* [Data extracted from a collection]:
=== Section Start ===
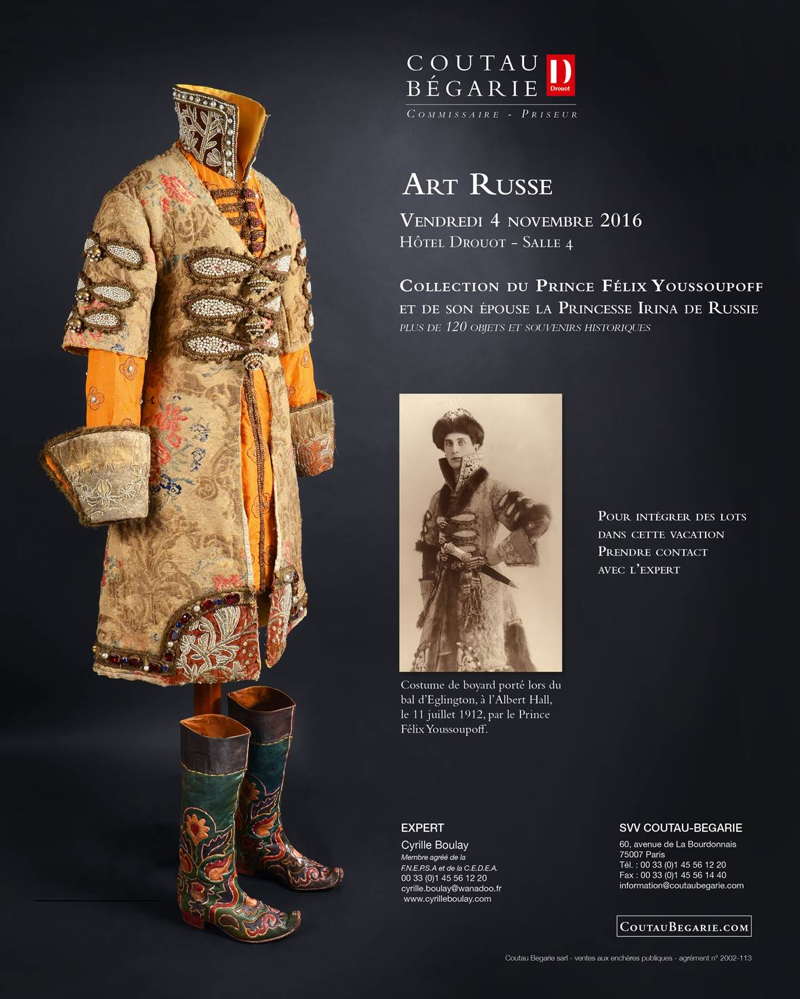 Clôture du catalogue fin septembre 2016 Pour ingérer des lots dans cette vacation prendre contact avec l'expert, Cordialement, Cyrille Boulay, Expert art russe et souvenirs historiques, Membre de la FNEPSA
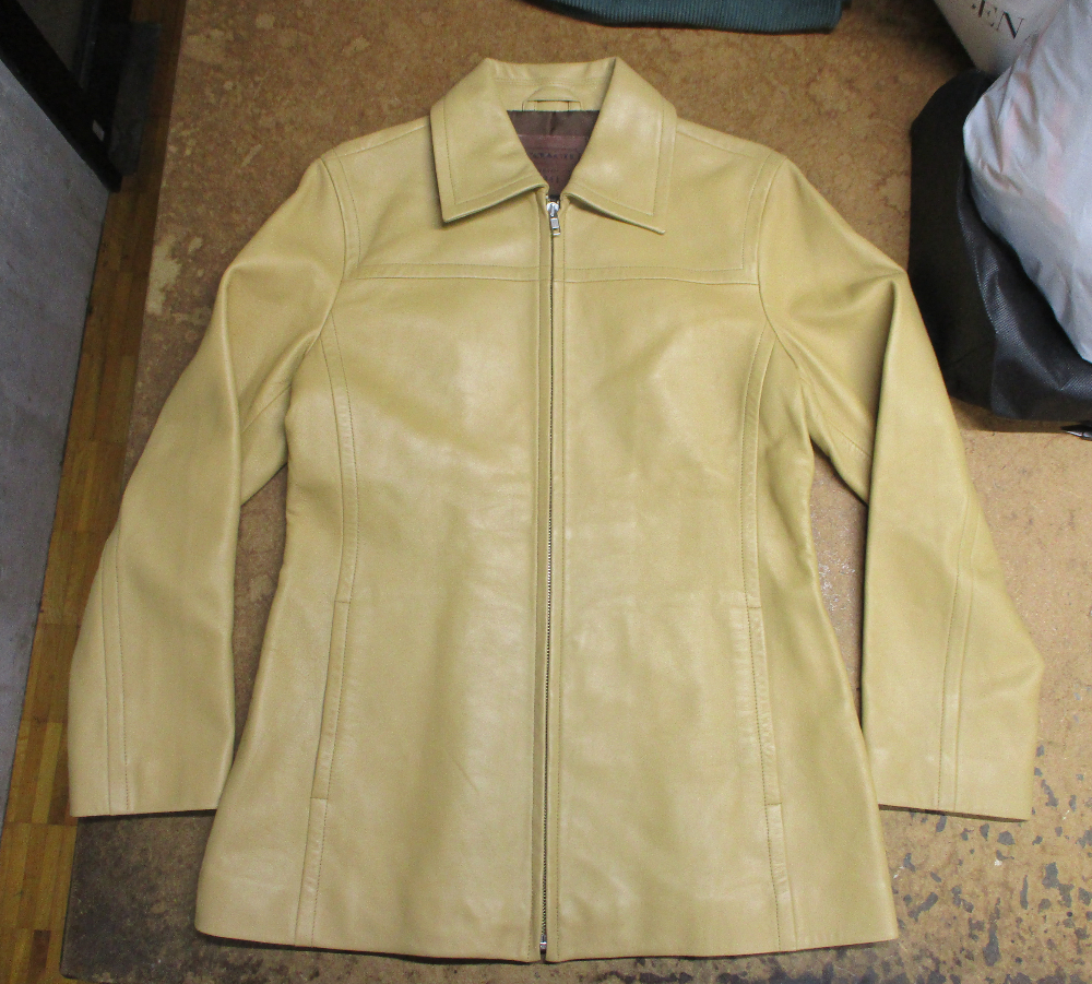 1枚目は東京都から郵送のお客さんの着丈を短くしていく前のレザージャケットです。
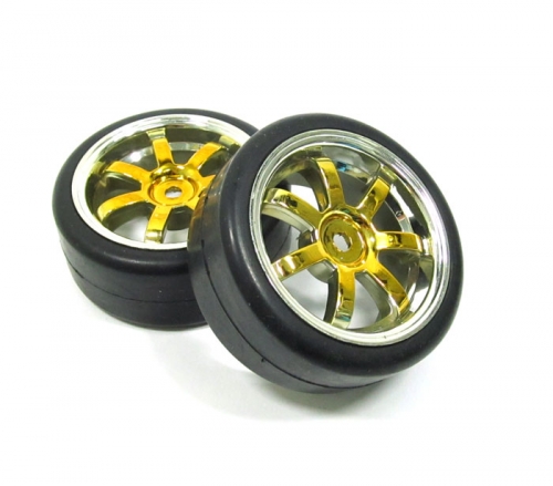 Alloy Outer Ring Wheel & Tire Set 7-spoke For 1/10 Yellow
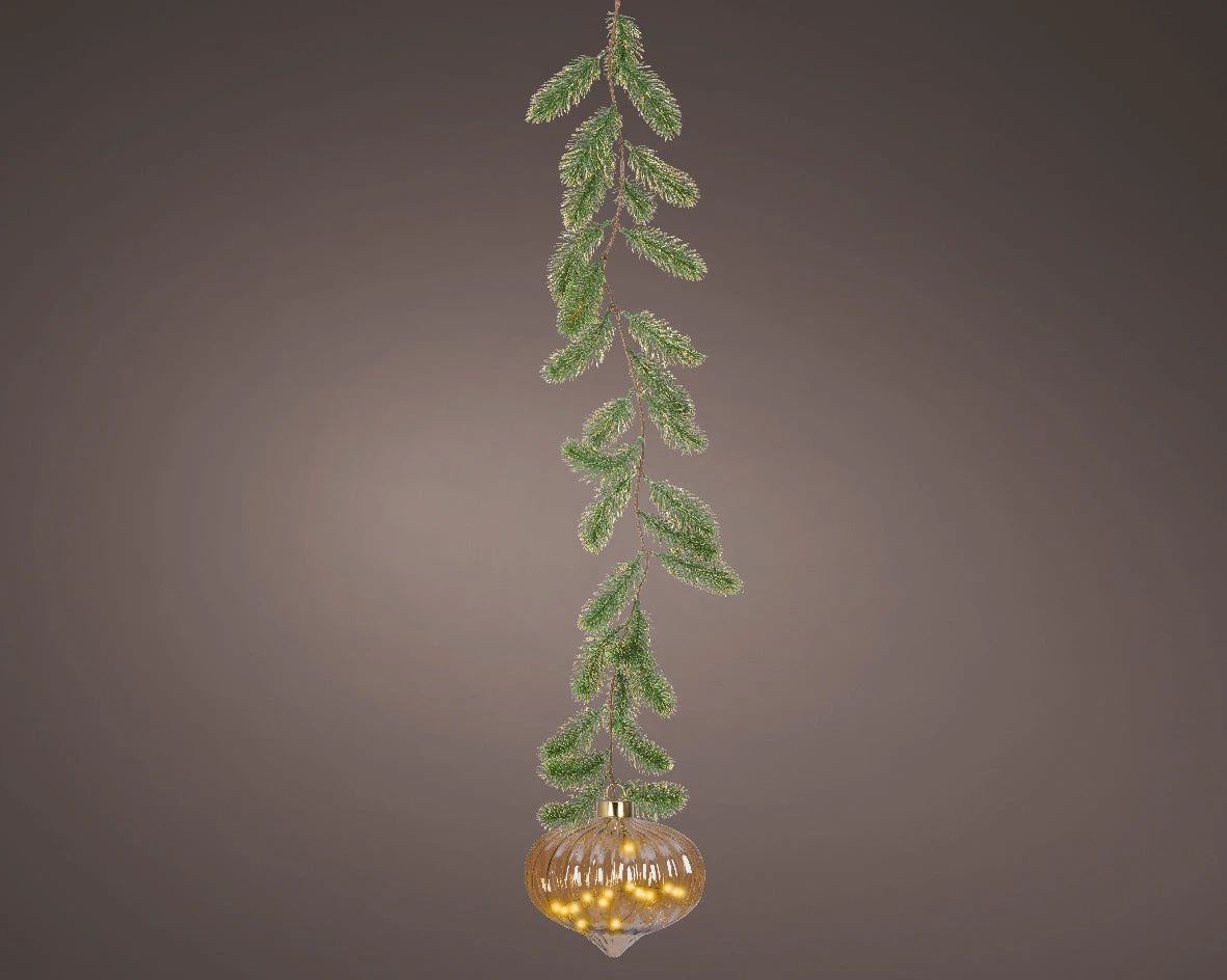 Graceful and glowing, this sheer amber onion ornament brings a touch of warmth and elegance to any holiday setting. Softly illuminated from within by 15 classic warm micro LED lights on a delicate copper wire, it casts a gentle, golden light that enhances its sculpted silhouette. Battery operated with a built-in timer for effortless daily lighting, this ornament offers a beautiful blend of cozy radiance and seasonal charm. For Indoor Use.
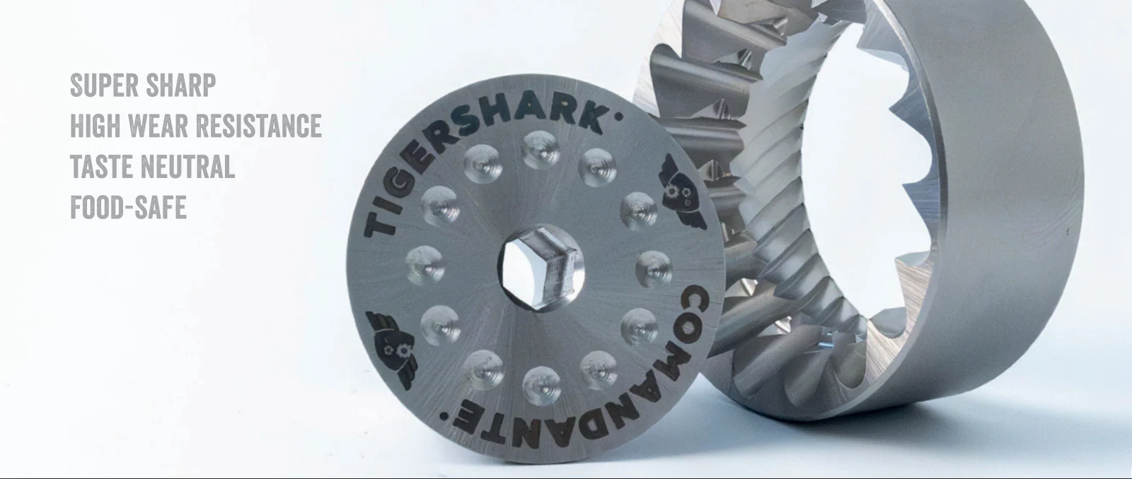 TIGERSHARK® – ainutlaatuinen kaksoishammasterärakenne, jonka innoituksena on tiikerihain purenta. Se leikkaa, viiltää ja murskaa vaikuttavan tehokkaasti.
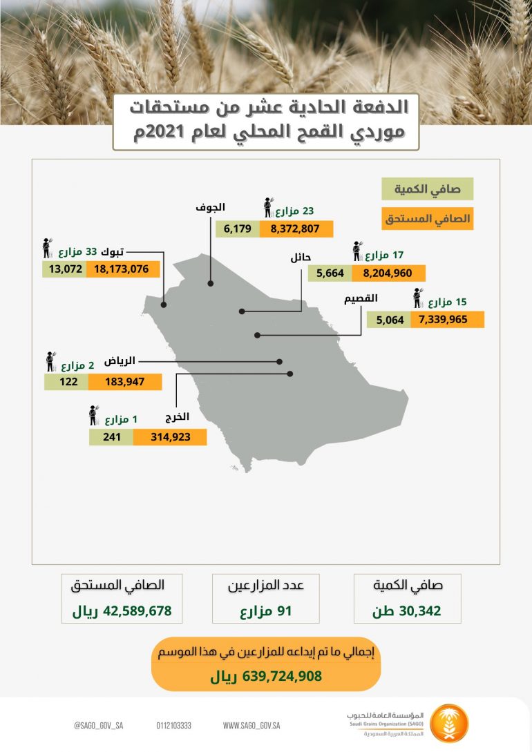 يذكر أن المؤسسة بدأت باستلام القمح المحلي من المزارعين للموسم الحالي اعتباراً من 22 شعبان 1442هـ، حيث بلغ إجمالي الكمية المستلمة من المزارعين حتى تاريخه “557.785” طناً لعدد “2049” مزارعاً.
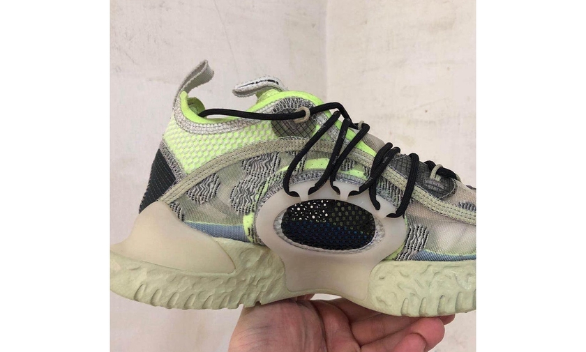 整双鞋采用织物、复合蝉翼、透气网布、热熔等多种材质结合打造。独特的鞋面纹理,不规则圆孔细节的注入,营造出强烈的科幻感。外底前所未见的蜂巢设计堪称最大亮点,让人不禁好奇上脚这款鞋是什么体验。
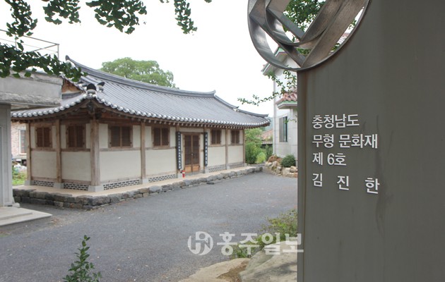 김진한 명장은 이처럼 가업을 이으면서 지난 1987년 12월 충청남도 지정 무형문화재 6호가 됐으며, 아버지인 김갑용 씨도 무형문화재 제도 이전부터 인간문화재로 인정받을 정도로 남포벼루의 대가로 널리 알려졌다. 김진한 명장은 어려서 아버지로부터 벼루 만드는 솜씨를 배우기 시작했고, 백운사 뒷산인 성주산을 올라 다니며 벼룻돌을 캤는데, 이 덕분에 어떤 돌이 벼룻돌로 가장 뛰어난지를 정확하게 가늠할 수 있게 됐다.
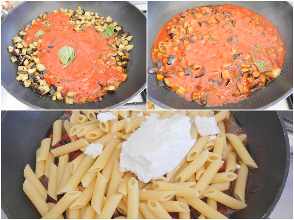 La pasta con melanzane e ricotta è pronta: decorate con basilico fresco e servite subito.
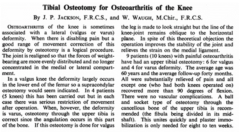 胫骨高位截骨术(High tibia osteotomy,HTO)1958年首先由Jacksn报道;直到1965年Covertry开始倡导并推广,认为HTO可以缓解关节疼痛,并将此术式称之为安全有效的治疗措施。
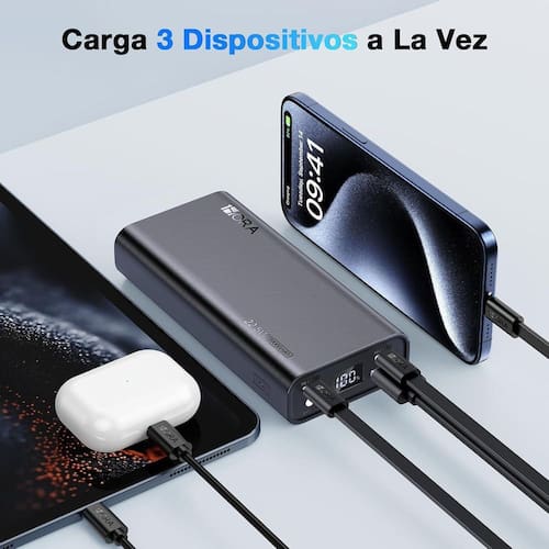Power bank com bateria portátil de 20000mAh, carregamento rápido PD 20W, design compacto, ideal para viagens e uso cotidiano.Tipo
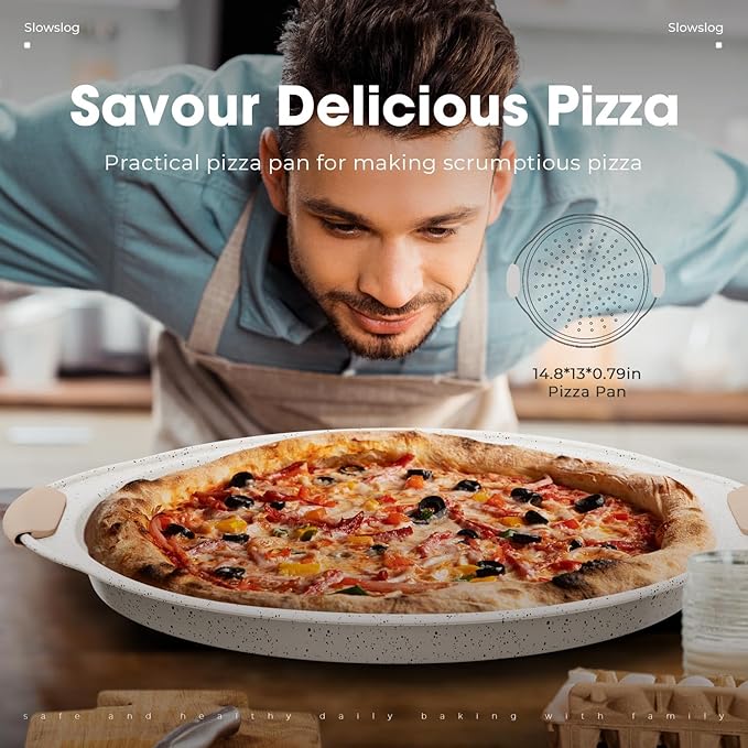 10-Piece Baking Pans Set Nonstick, Stackable Bakeware, Toxin-Free Baking Pans Set with Silicone Handles, Includes Cookie Sheets, Cake Pan, Loaf Pan, Pizza Pan, Muffin Pan, White&Khaki
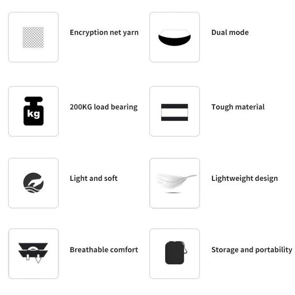 7. Accessories: No. 8 gourd buckle x2, strap x2, storage bag x1, mosquito net rope x2
=== Section End ===
* [Work request]: Exactly reproduce the entries above, minus the pictures.

* [Response to this exercise]:
 Clôture du catalogue fin septembre 2016 Pour ingérer des lots dans cette vacation prendre contact avec l'expert, Cordialement, Cyrille Boulay, Expert art russe et souvenirs historiques, Membre de la FNEPSA
 1枚目は東京都から郵送のお客さんの着丈を短くしていく前のレザージャケットです。
 Alloy Outer Ring Wheel & Tire Set 7-spoke For 1/10 Yellow
 Graceful and glowing, this sheer amber onion ornament brings a touch of warmth and elegance to any holiday setting. Softly illuminated from within by 15 classic warm micro LED lights on a delicate copper wire, it casts a gentle, golden light that enhances its sculpted silhouette. Battery operated with a built-in timer for effortless daily lighting, this ornament offers a beautiful blend of cozy radiance and seasonal charm. For Indoor Use.
 TIGERSHARK® – ainutlaatuinen kaksoishammasterärakenne, jonka innoituksena on tiikerihain purenta. Se leikkaa, viiltää ja murskaa vaikuttavan tehokkaasti.
 يذكر أن المؤسسة بدأت باستلام القمح المحلي من المزارعين للموسم الحالي اعتباراً من 22 شعبان 1442هـ، حيث بلغ إجمالي الكمية المستلمة من المزارعين حتى تاريخه “557.785” طناً لعدد “2049” مزارعاً.
 整双鞋采用织物、复合蝉翼、透气网布、热熔等多种材质结合打造。独特的鞋面纹理,不规则圆孔细节的注入,营造出强烈的科幻感。外底前所未见的蜂巢设计堪称最大亮点,让人不禁好奇上脚这款鞋是什么体验。
 김진한 명장은 이처럼 가업을 이으면서 지난 1987년 12월 충청남도 지정 무형문화재 6호가 됐으며, 아버지인 김갑용 씨도 무형문화재 제도 이전부터 인간문화재로 인정받을 정도로 남포벼루의 대가로 널리 알려졌다. 김진한 명장은 어려서 아버지로부터 벼루 만드는 솜씨를 배우기 시작했고, 백운사 뒷산인 성주산을 올라 다니며 벼룻돌을 캤는데, 이 덕분에 어떤 돌이 벼룻돌로 가장 뛰어난지를 정확하게 가늠할 수 있게 됐다.
 La pasta con melanzane e ricotta è pronta: decorate con basilico fresco e servite subito.
 胫骨高位截骨术(High tibia osteotomy,HTO)1958年首先由Jacksn报道;直到1965年Covertry开始倡导并推广,认为HTO可以缓解关节疼痛,并将此术式称之为安全有效的治疗措施。
Power bank com bateria portátil de 20000mAh, carregamento rápido PD 20W, design compacto, ideal para viagens e uso cotidiano.Tipo
 10-Piece Baking Pans Set Nonstick, Stackable Bakeware, Toxin-Free Baking Pans Set with Silicone Handles, Includes Cookie Sheets, Cake Pan, Loaf Pan, Pizza Pan, Muffin Pan, White&Khaki
 7. Accessories: No. 8 gourd buckle x2, strap x2, storage bag x1, mosquito net rope x2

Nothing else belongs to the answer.